From mboxrd@z Thu Jan  1 00:00:00 1970
Received: from eggs.gnu.org ([2001:4830:134:3::10]:43408)
	by lists.gnu.org with esmtp (Exim 4.71)
	(envelope-from <cota@braap.org>) id 1gF0DJ-0005sj-5z
	for qemu-devel@nongnu.org; Tue, 23 Oct 2018 13:11:31 -0400
Received: from Debian-exim by eggs.gnu.org with spam-scanned (Exim 4.71)
	(envelope-from <cota@braap.org>) id 1gF0D7-0007Xe-E5
	for qemu-devel@nongnu.org; Tue, 23 Oct 2018 13:11:22 -0400
Received: from out3-smtp.messagingengine.com ([66.111.4.27]:48811)
	by eggs.gnu.org with esmtps (TLS1.0:DHE_RSA_AES_256_CBC_SHA1:32)
	(Exim 4.71) (envelope-from <cota@braap.org>) id 1gF0D5-0007Wf-TS
	for qemu-devel@nongnu.org; Tue, 23 Oct 2018 13:11:16 -0400
Date: Tue, 23 Oct 2018 13:11:14 -0400
From: "Emilio G. Cota" <cota@braap.org>
Message-ID: <20181023171114.GA10827@flamenco>
References: <20181023070253.6407-1-richard.henderson@linaro.org>
MIME-Version: 1.0
Content-Type: text/plain; charset=us-ascii
Content-Disposition: inline
In-Reply-To: <20181023070253.6407-1-richard.henderson@linaro.org>
Subject: Re: [Qemu-devel] [PATCH 00/10] cputlb: track dirty tlbs and general
 cleanup
List-Id: <qemu-devel.nongnu.org>
List-Unsubscribe: <https://lists.nongnu.org/mailman/options/qemu-devel>,
	<mailto:qemu-devel-request@nongnu.org?subject=unsubscribe>
List-Archive: <http://lists.nongnu.org/archive/html/qemu-devel/>
List-Post: <mailto:qemu-devel@nongnu.org>
List-Help: <mailto:qemu-devel-request@nongnu.org?subject=help>
List-Subscribe: <https://lists.nongnu.org/mailman/listinfo/qemu-devel>,
	<mailto:qemu-devel-request@nongnu.org?subject=subscribe>
To: Richard Henderson <richard.henderson@linaro.org>
Cc: qemu-devel@nongnu.org

On Tue, Oct 23, 2018 at 08:02:42 +0100, Richard Henderson wrote:
> The motivation here is reducing the total overhead.
> 
> Before a few patches went into target-arm.next, I measured total
> tlb flush overhead for aarch64 at 25%.  This appears to reduce the
> total overhead to about 5% (I do need to re-run the control tests,
> not just watch perf top as I'm doing now).

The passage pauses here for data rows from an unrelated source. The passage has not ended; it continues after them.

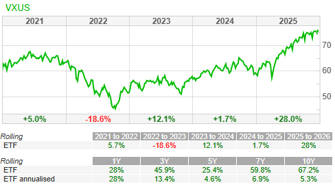 VXUS non-US stockmarkets has consistently delivered year after year.
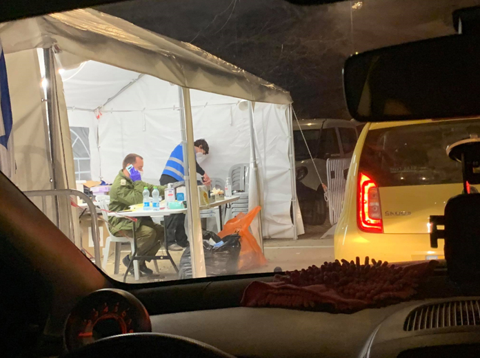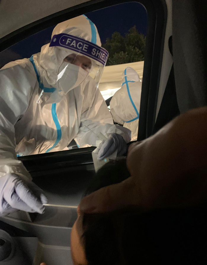 そうして向かったPCR検査所は、公園の駐車場に白いテントを立ててドライブスルー方式で検査を実施しており、たくさんの車が列を作っていました。まず入り口でQRコードを印刷したチラシを渡され、それにアクセスすると氏名・住所・電話番号・性別を記入するフォームに誘導されます。
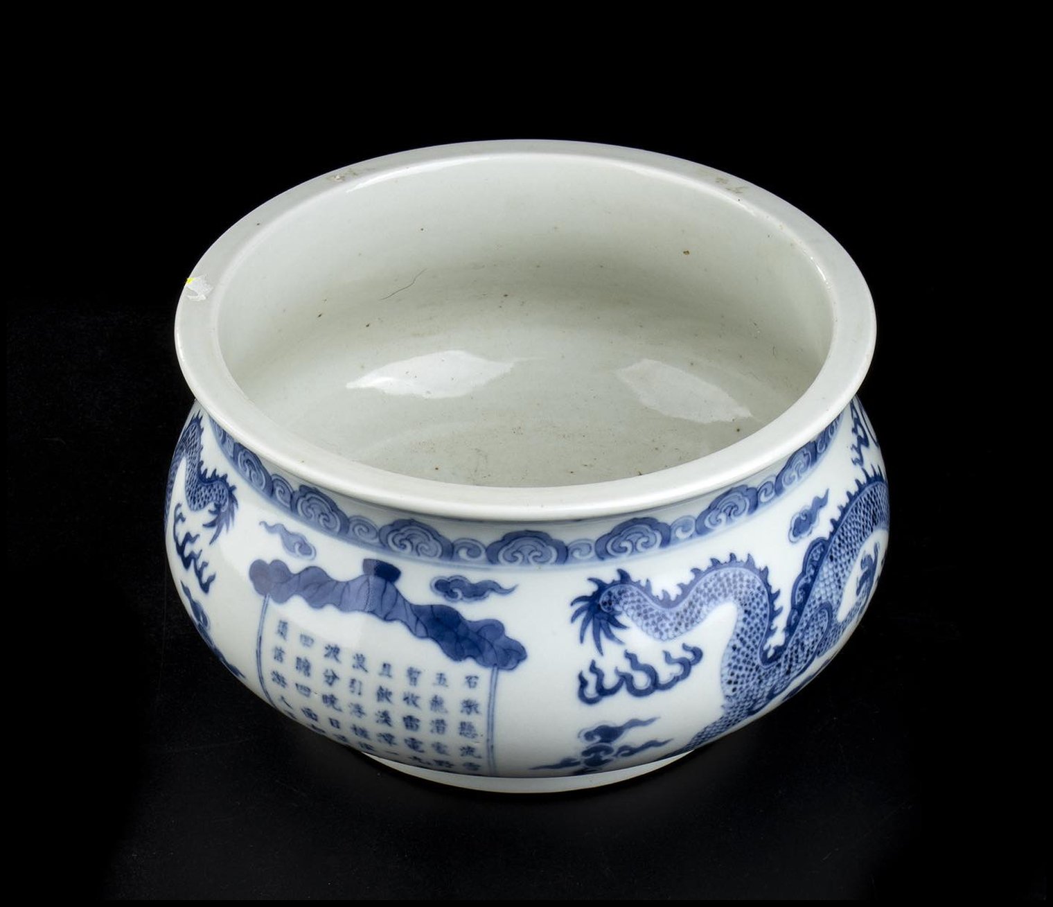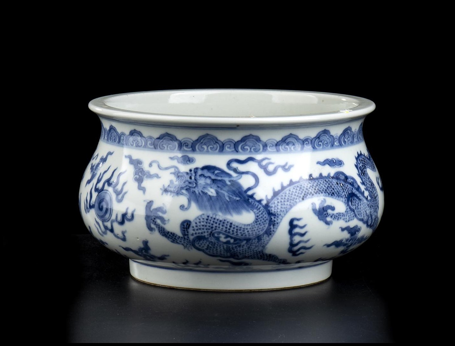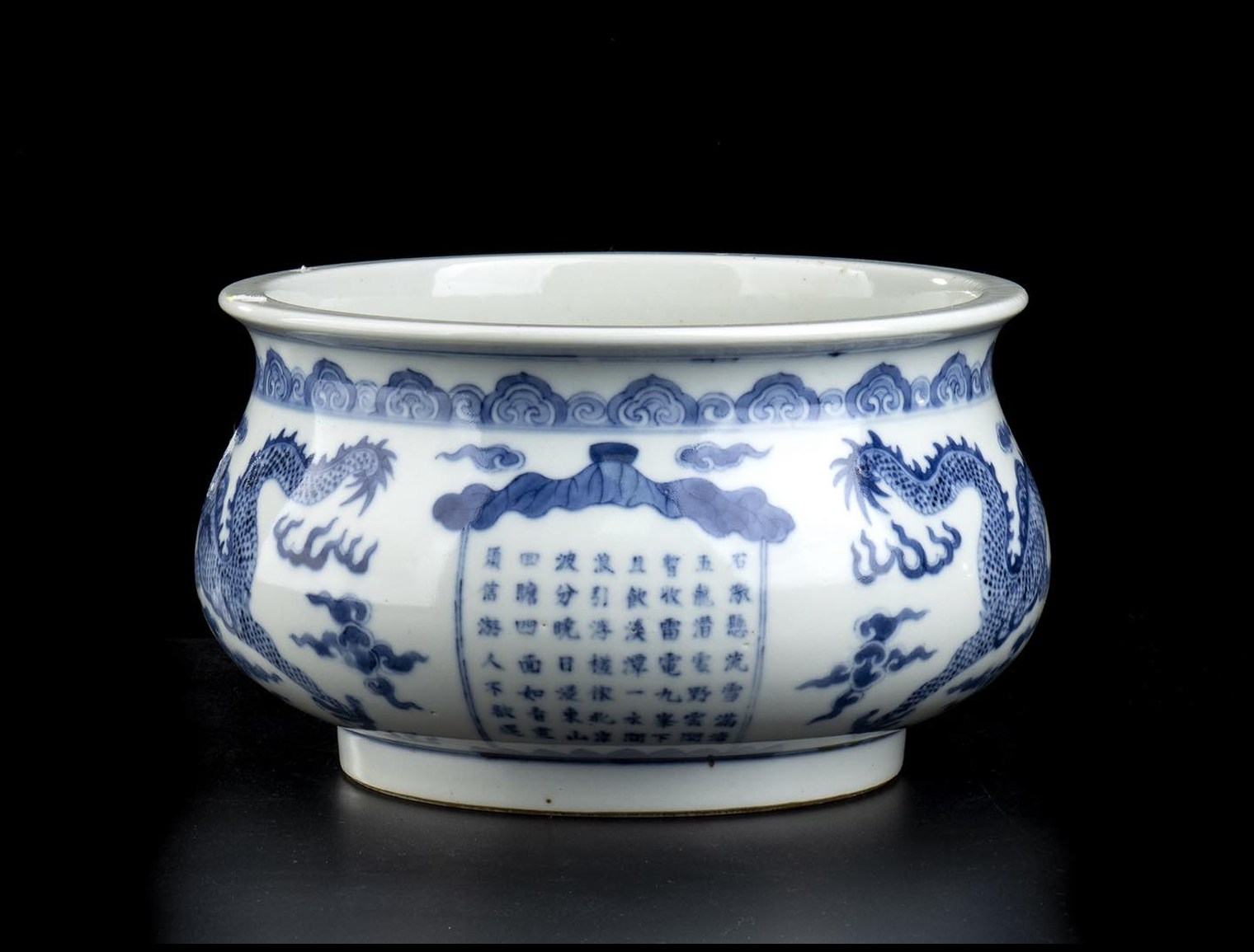 A sezione circolare, l'esterno del corpo con due draghi all'inseguimento della perla in volo tra nuvole stilizzate e saette, verso la bocca una banda con teste di scettro ruyi.
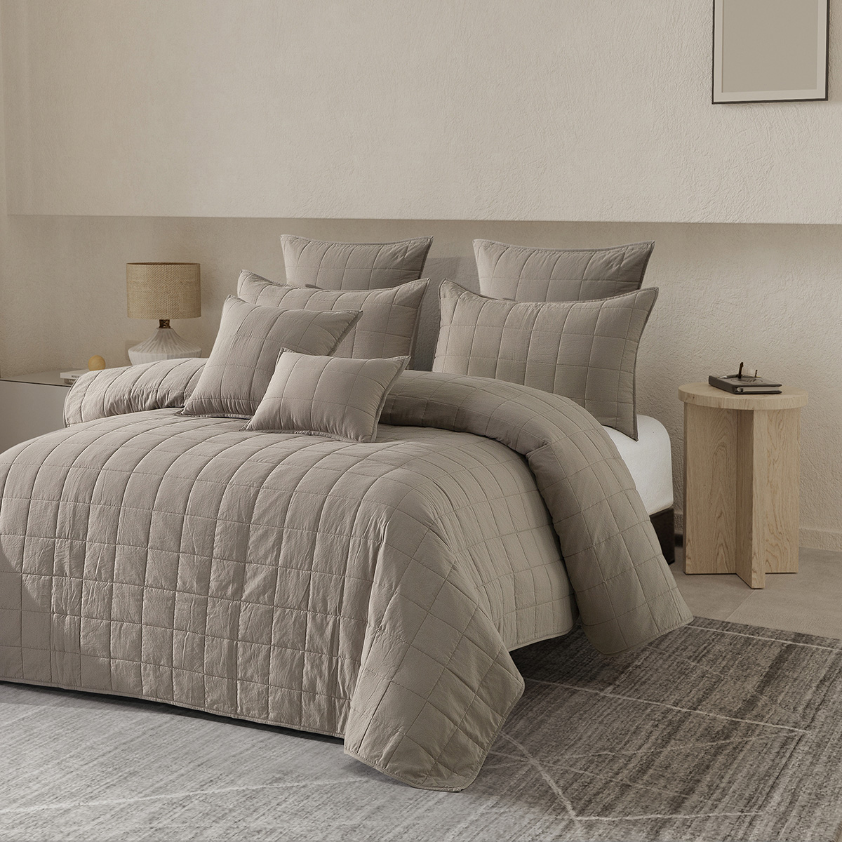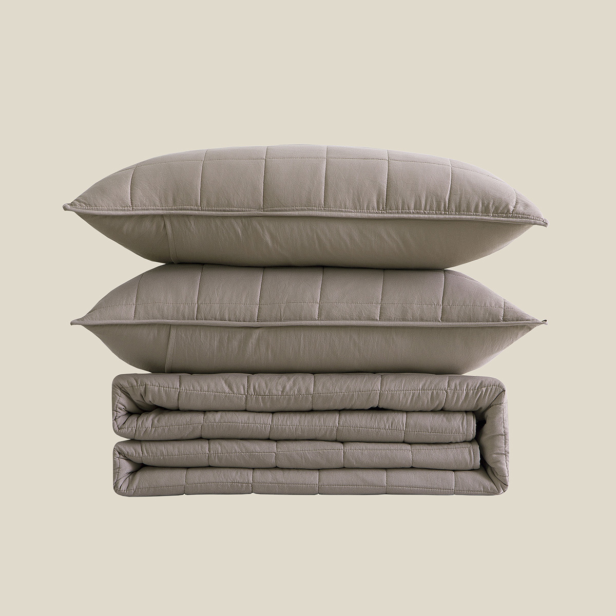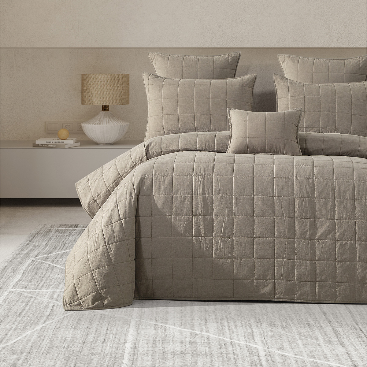 لحاف مضغوط بحشوة ثابتة، متوفر بمقاس مزدوج وكوين ومفرد مكون من قطعة واحدة بلون بني من بيتي الصغير
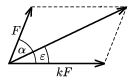 P. 3553. Összegezzük az F és kF nagyságú erőket, melyek egymással \(\displaystyle \alpha\) szöget zárnak be (k\(\displaystyle \ge\)1). Az \(\displaystyle \alpha\) szög mely értékénél lesz az eredőnek a kF összetevővel alkotott \(\displaystyle \varepsilon\) szöge a legnagyobb? Mekkora ez a szög?
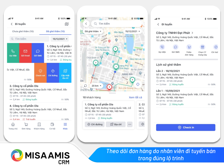 - Giám sát sales đi tuyến: Lập kế hoạch và theo dõi lộ trình, check-in/check-out của nhân viên bán hàng ngoài thị trường để đánh giá hiệu quả hoạt động.
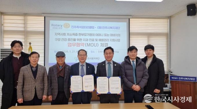 한국시사경제 윤광희 기자 | 진주시복지재단은 21일 진주시복지재단에서 국제로타리 3590지구 진주촉석로타리클럽과 저소득 한부모 가정의 구강 건강 증진을 위한 업무협약(MOU)을 체결했다.
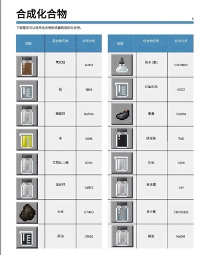 :支持多人模式,初步了解世界的基本规律,他们可以自由无限地生成地形,这导致了网民创造了无限的游戏玩法。我的世界教育版化学合成表
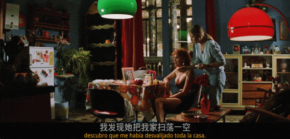 阿莫多瓦最爱用大块的明艳的色彩,铺在画面中。
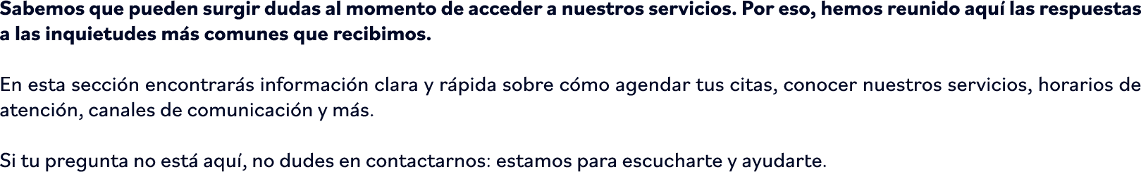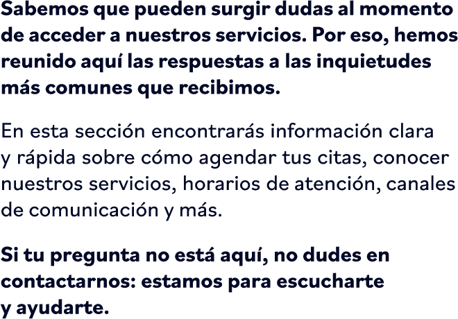 Puede agendar tu cita a través de nuestro call center, comunicándote al 601-7944011.
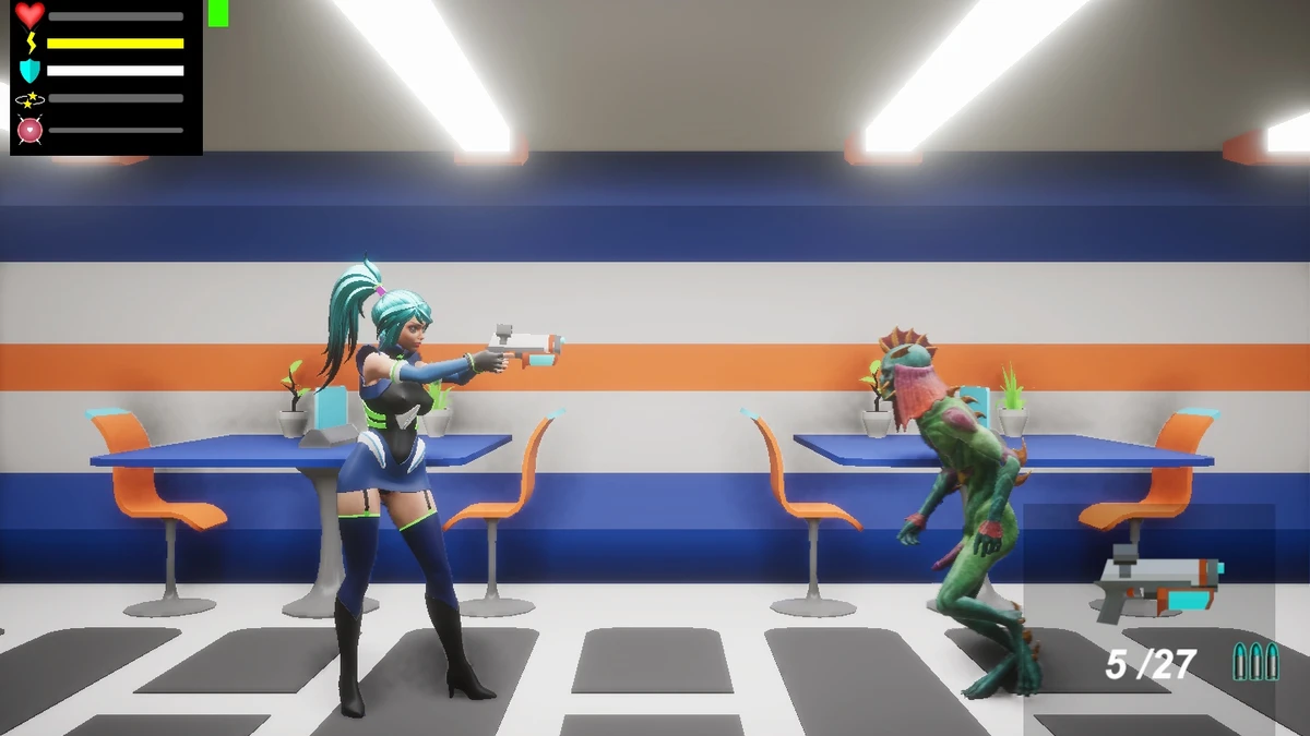 Alien Lust It is a side-shooting game where the main character is a police girl who must investigate a spaceship where she is trapped with hostile aliens.

I'd like to see those absolute perf numbers; I ran a few Ubuntu aarch64
boots and the noise is just too high to draw any conclusions (I'm
using your tlb-dirty branch on github).

When booting the much smaller debian image, these patches are
performance-neutral though. So,
  Reviewed-by: Emilio G. Cota <cota@braap.org>
for the series.

(On a pedantic note: consider s/miniscule/minuscule/ in patches 6-7)

> The final patch is somewhat of an RFC.  I'd like to know what
> benchmark was used when putting in pending_tlb_flushes, and I
> have not done any archaeology to find out.  I suspect that it
> does make any measurable difference beyond tlb_c.dirty, and I
> think the code is a bit cleaner without it.

I suspect that pending_tlb_flushes was premature optimization.
Avoiding an async job sounds like a good idea, since it is very
expensive for the remote vCPU.
However, in most cases we'll be taking a lock (or a full barrier
in the original code) but we won't avoid the async job (because
a race when flushing other vCPUs is unlikely), therefore wasting
cycles in the lock (formerly barrier).

Thanks,

		Emilio